Jet Airways Ltd, India's top private carrier, said on Wednesday that it has no plans to cut jobs in drive to save costs and instead look to non-payroll areas to streamline operations. The Jet Airways clarified following reports by a section of the media that the company was considering cutting up to 10 percent of its workforce.
In view of spiralling operational costs and increase in fuel prices, Jet Airways is continually looking at several non-payroll areas at cutting costs, the firm said in an e-mail response to Reuters. Jet, which will report quarterly results on Friday, said in a statement that it sought to bring down costs through all possible measures but without bringing down its workforce.

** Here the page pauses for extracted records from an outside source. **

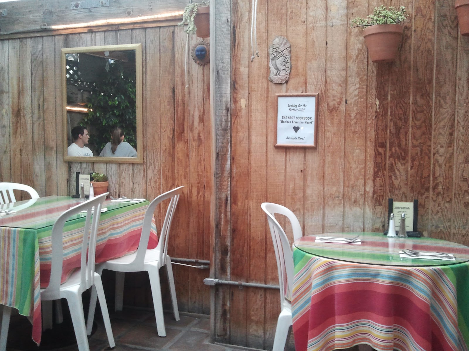 On a beautiful evening, my dining partner and I headed to the beachy Vegetarian cafe, The Spot, in Hermosa Beach. I was excited to try the food at this quaint cafe that I had only heard positive things about. I purchased their Groupon deal for $20 worth of food and drinks for $10. We sat down outside and admired the eclectic decor, reminiscent of a cozy, traditional Mexican restaurant. I felt very relaxed and could almost feel the light breeze from the beach, just steps away. We looked over the menu, which mostly consisted of Mexican dishes but also included Italian and healthy stir-fries. I desired Mexican food, while my dining partner was craving mashed potatoes. Luckily, most of the menu could be made vegan with an easy substitution of soy cheese.
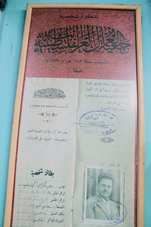 في شارع فلسطين وسط مدينة نابلس لا يشد انتباه جميع المارة لوحة معلقة على مدخل محل للإلكترونيات، احتفظ خلف زجاجها أصحاب المحل بأوراق ووثائق تثبت انتساب جدهم إلى جمعية العمال العربية الفلسطينية التي تأسست عام 1925 في مدينة حيفا باعتباره عامل كهرباء.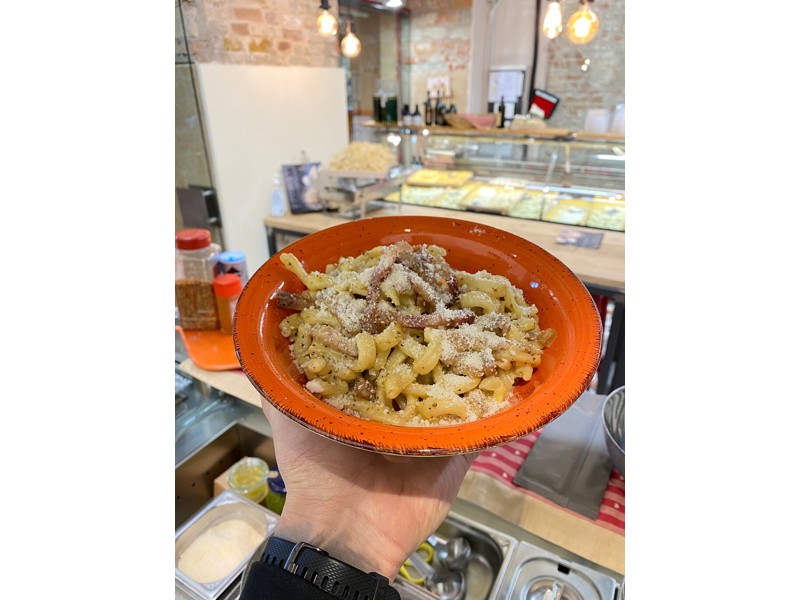 Ottima carbonara, assaggiata velocemente durante una passeggiata in centro. Il resto della famiglia cacio e pepe e pesto. Ottima qualità e prezzi contenuti.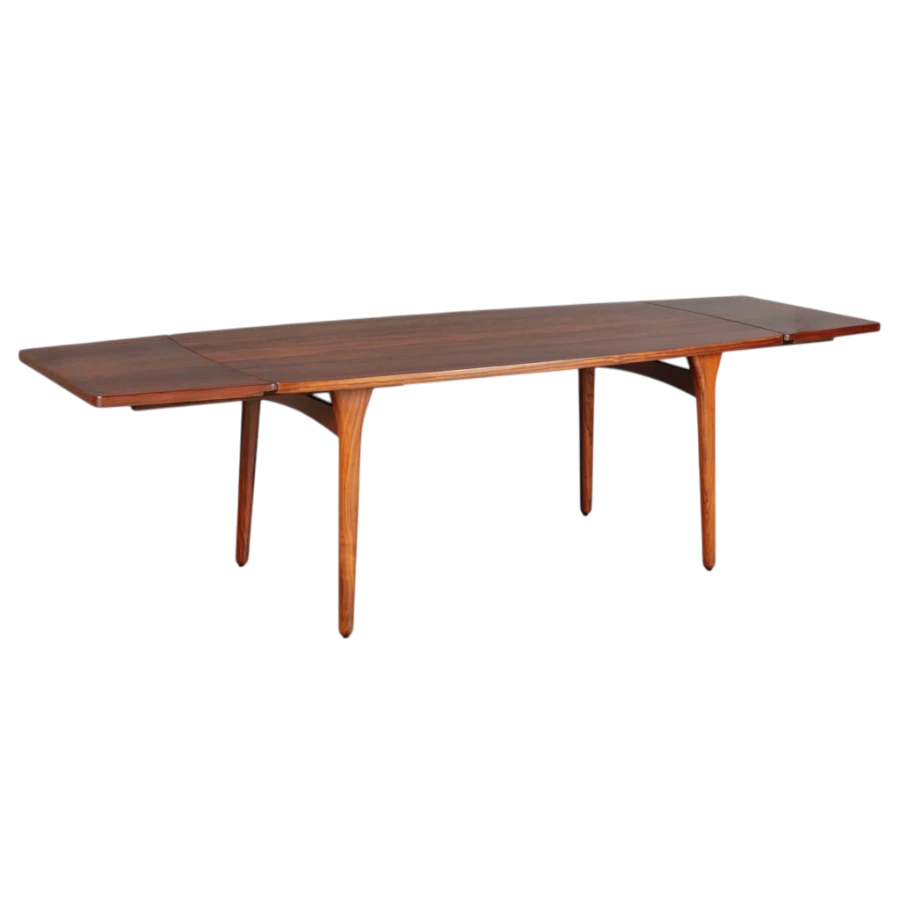 Henning Kjærnulf was a Danish furniture designer known for his organic, sculptural forms and masterful use of fine woods. His designs often feature tapered profiles, flowing lines, and a balance of strength and visual softness – all evident in this extension dining table.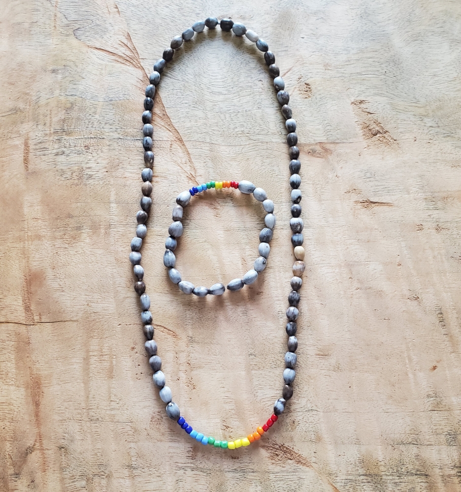 Amaya Handmade Set of Necklace and Stretch Bracelet Made of Lagrimas de San Pedro and LGBTQ Colors Bead.

Jet did not elaborate on the cost cutting initiatives, but has in the past said it plans to sell and lease back aircraft as well as cut interest costs by converting rupee loans into dollar debt.

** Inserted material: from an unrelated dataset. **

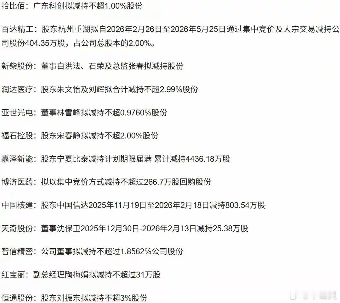 13家A股集体减持,光刻胶、核聚变、机器人三大热门赛道龙头遭砸盘!春节长假后首个交易日收盘,晚间直接炸出13家公司集中减持,不少还是近期爆炒的热门标的,短线情绪压力直接拉满。减持直接拉满。减持理由大多是“个人资金需求”,节后刚开盘,股东就忙着落袋为安。一、光刻胶热门龙头:红宝丽高管拟减持31万股。作为近两年光刻胶人气标的,该股从不足5元最高涨到13元,翻倍有余。年初再度从7元附近一路拉升至15元,节后第一天更是直接涨停。涨停当晚就抛减持公告,对短线追高资金明显偏利空。二、可控核聚变龙头:中国核建本次减持803万股,数量不小。好一点的是:本次减持已实施完毕。公司是本轮核聚变行情核心标的之一,主营核聚变相关工程建设。近期虽有回调,但较前期低点仍有较大涨幅。中国信达此次减持,主要是出于资金效率考虑。三、机器人人气龙头:天奇股份从去年12月底至今,累计涨幅超130%。股价连续大涨期间,高管同步减持25.38万股。不得不说,减持时点拿捏得相当精准。除此之外,晚间发布减持的还包括:智能电网方向的嘉泽新能、AI应用板块的福石控股等多家公司。完整减持名单附在下方,大家可以对照自查,规避短期风险。作品声明:个人观点、仅供参考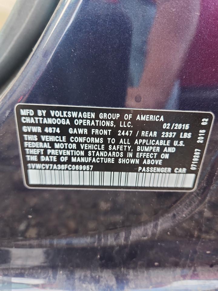 VOLKSWAGEN PASSAT 2.0 2015 р.в., (1VWCV7A36FC069957) з США

Despite domestic passenger traffic growing at close to 19 percent in the first eight months of the year, most Indian carriers are loss-making and burdened with high debt incurred to finance expensive aircraft acquisitions.
The Centre for Asia Pacific Aviation (CAPA) has forecast a record $2.5-$3 billion loss for Indian airlines for the year ending March 2012, with state-run Air India alone likely to account for more than half of it.
Jet's rival Kingfisher Airlines, which has sought lenders' help to ease its debt burden, on Tuesday said it has cancelled or clubbed flights across some routes where demand has been slow.
Jet Airways shares, valued at $471.8 million, were trading up 1.5 percent at 271.5 rupees in a choppy Mumbai market. The stock has lost 65 percent of its value so far in 2011, compared with a 14.3 percent fall in the larger index.